A Home of Your Own
There are a lot of fun real estate choices to make when you're in your 40s and 50s. If your kids are grown, this may be your first chance in a long time to pick where you want to live without having to worry about school districts, bus routes, or day-care commutes. You can pick your location and home style based on your lifestyle now and what you want it to be in the future.
Choosing a Location
Spend some time thinking about your home location relative to how long you'll be living there and lifestyle factors that the location affects. If you're planning to live there just until you retire, a long commute to work may be a bad idea. If you're planning to put down roots and build your retirement support community of neighbors and friends, having a long commute to work for a few years might matter less to you.

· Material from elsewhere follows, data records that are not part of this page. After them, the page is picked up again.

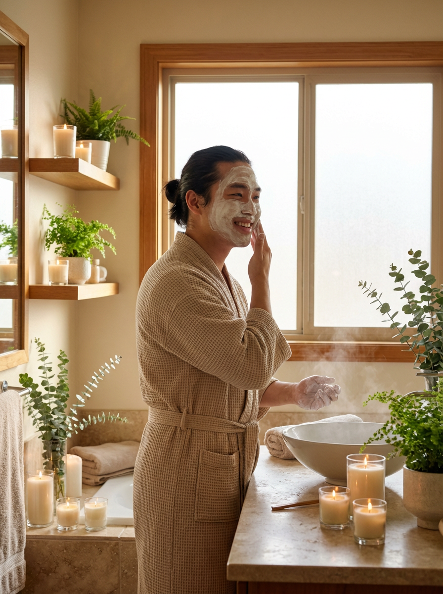 model doing skincare routine in bathroom, wearing soft cotton bathrobe, applying face mask, surrounded by candles and plants, gentle morning light, serene spa-like atmosphere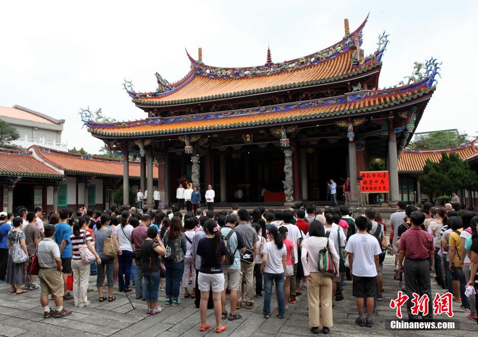 6月21日,台北市孔庙举办“高中登科·考生祈福”典礼,百余位考生及家长参与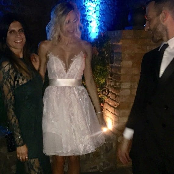 Simone Inzaghi e Gaia Lucariello hanno pronunciato il fatidico sì lo scorso sabato, organizzando una cerimonia da sogno a Montalcino. La sposa ha indossato un abito bianco senza spalline firmato Atelier Emé con scollo a cuore e gonna dal lungo strascico, completando il tutto con un velo di pizzo, un'acconciatura raccolta e dei gioielli Damiani. Durante il ricevimento si è poi cambiata, puntando tutto sulla sensualità con un vestito bianco in pizzo con minigonna e maxi scollatura.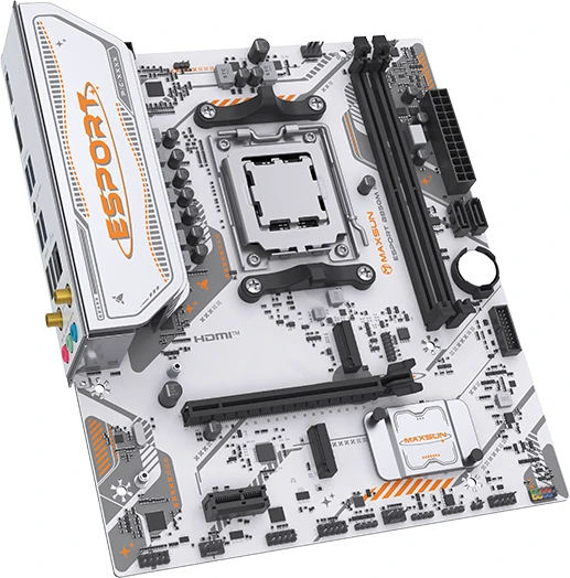 Материнская плата MAXSUN MS-eSport B850M WIFI ICE Socket AM5, AMD B850, 2xDDR5, PCI-E 5.0, 2xM.2, HDMI, DisplayPort, mATX (6940709661758)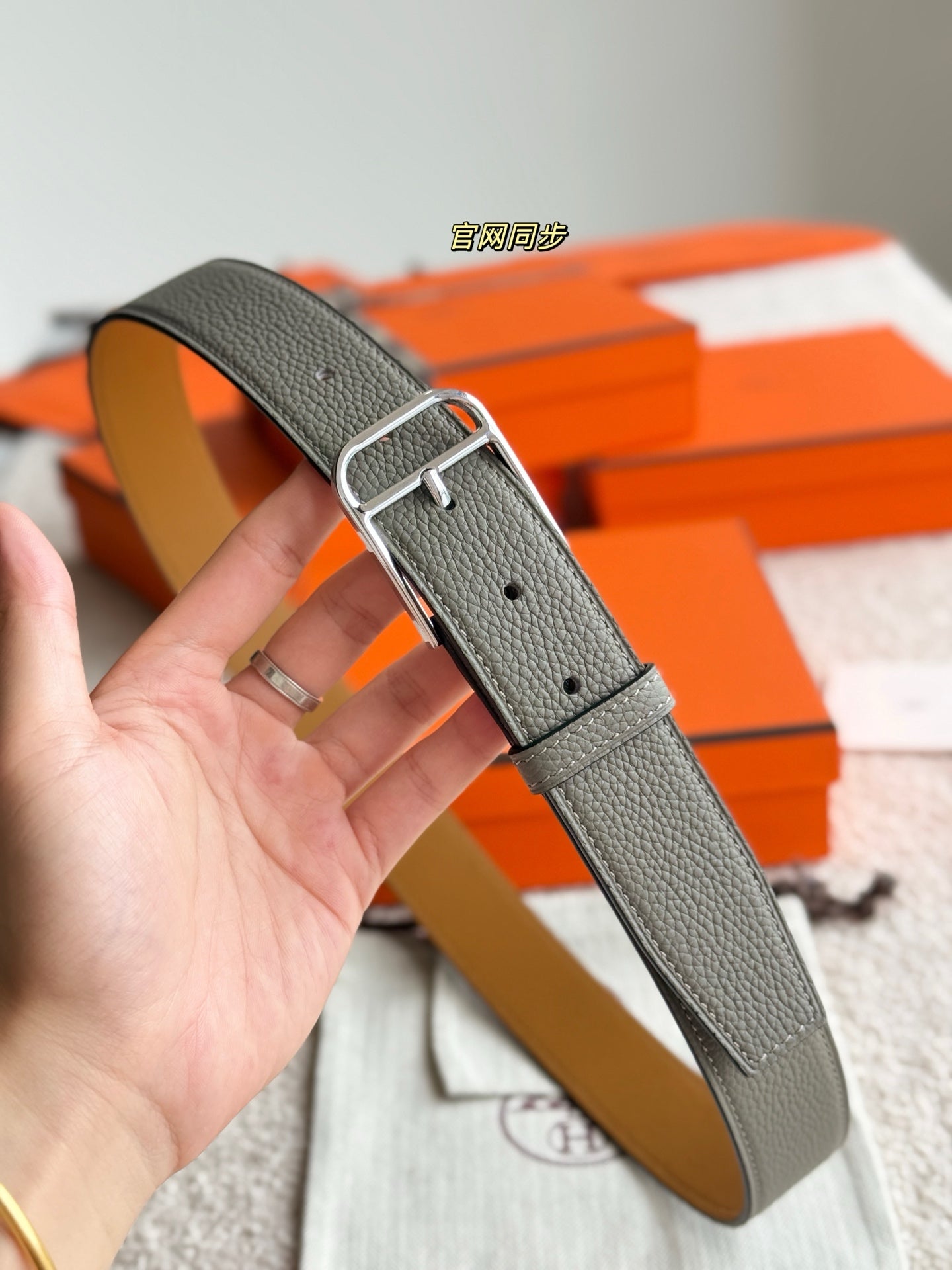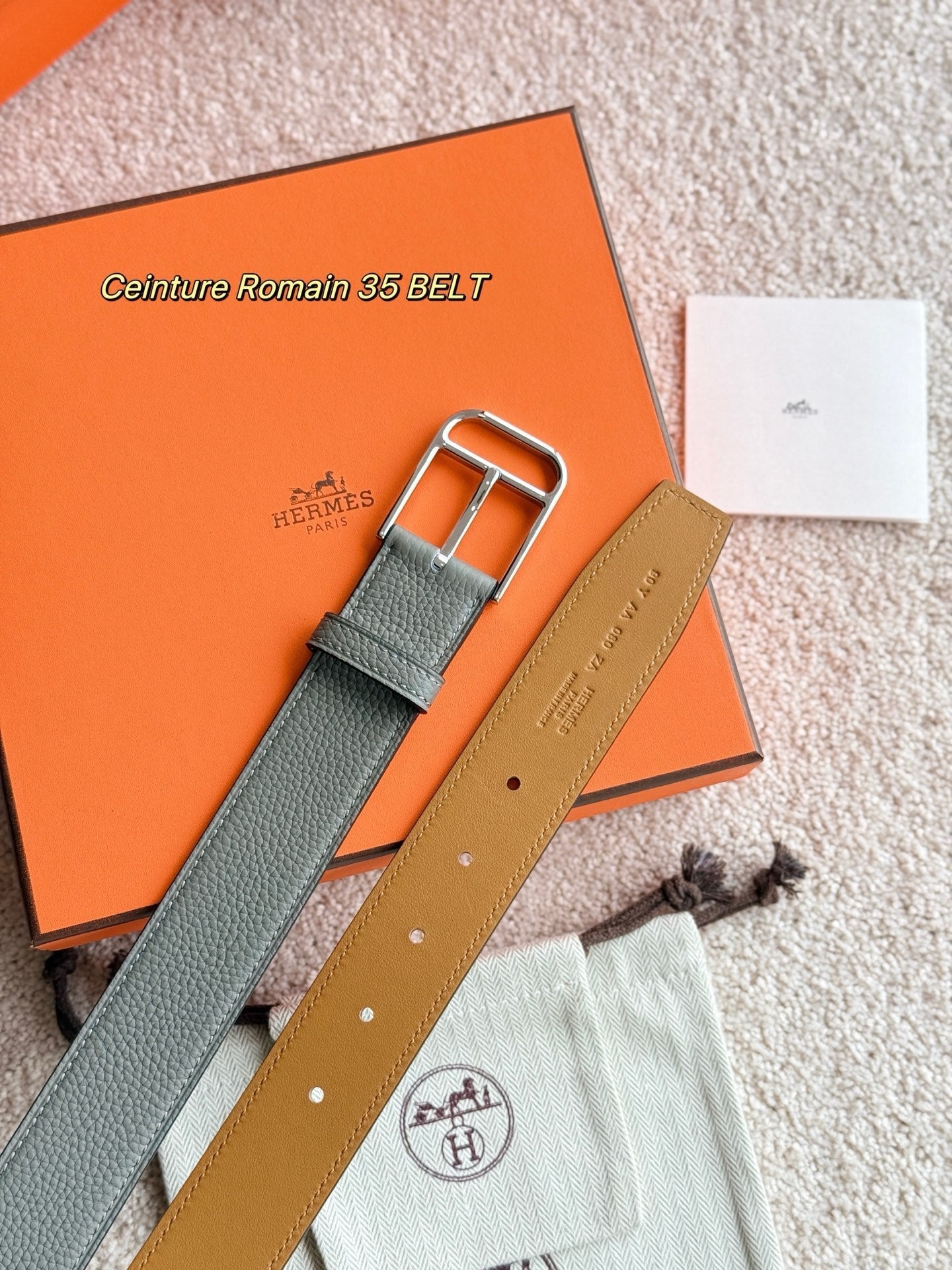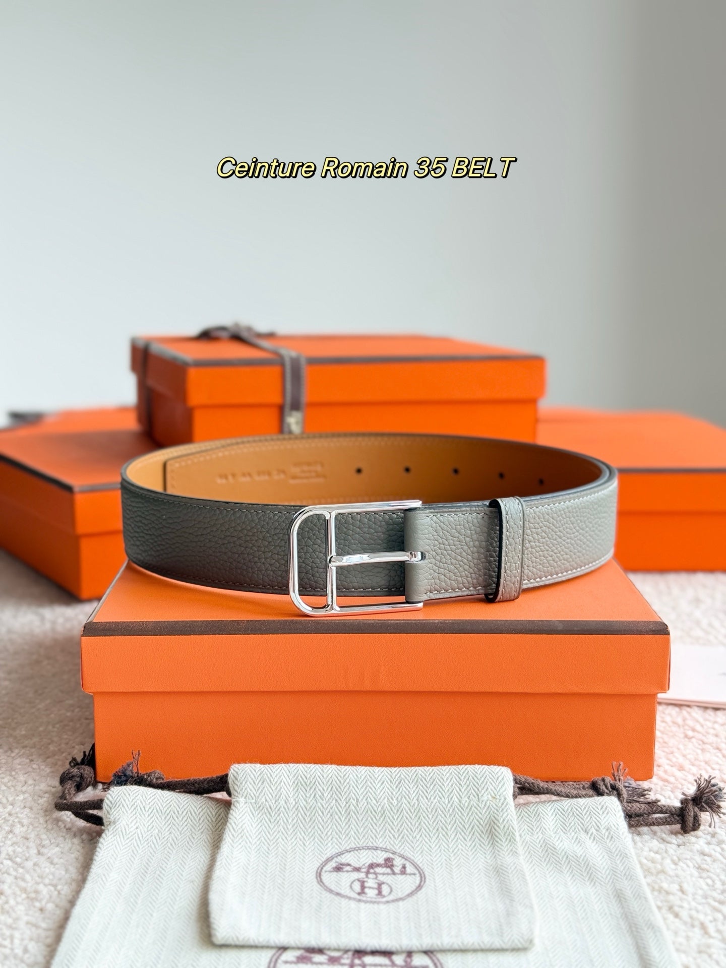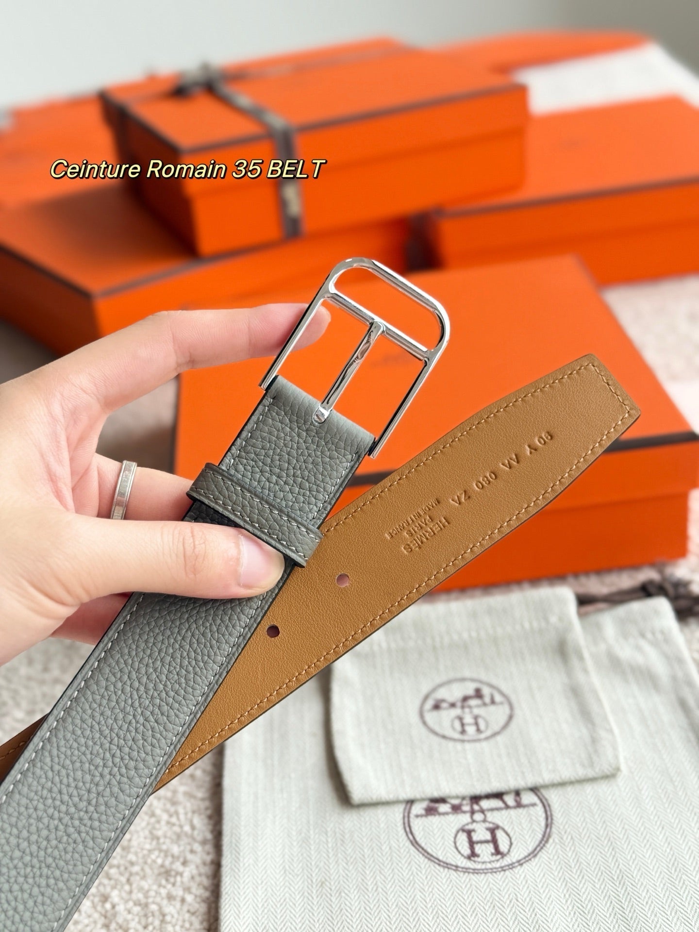 HM Silver 35mm Romain Belt Meyer Gray Leather 188402

Other things to consider if you're planning to stay long term include:
Access to health care and community support systems
Proximity to your kids and friends
The style of the home you prefer, including whether a one- or two-story home will work best for you in retirement, given mobility and health concerns
Weather and seasonal conditions are a more important factor in choosing a long-term location than you may realize. People move to warmer climates after they retire for a reason — the older you get, the less tolerant you become of cold temperatures. And snow and ice become increasingly irksome for walking and driving as you age.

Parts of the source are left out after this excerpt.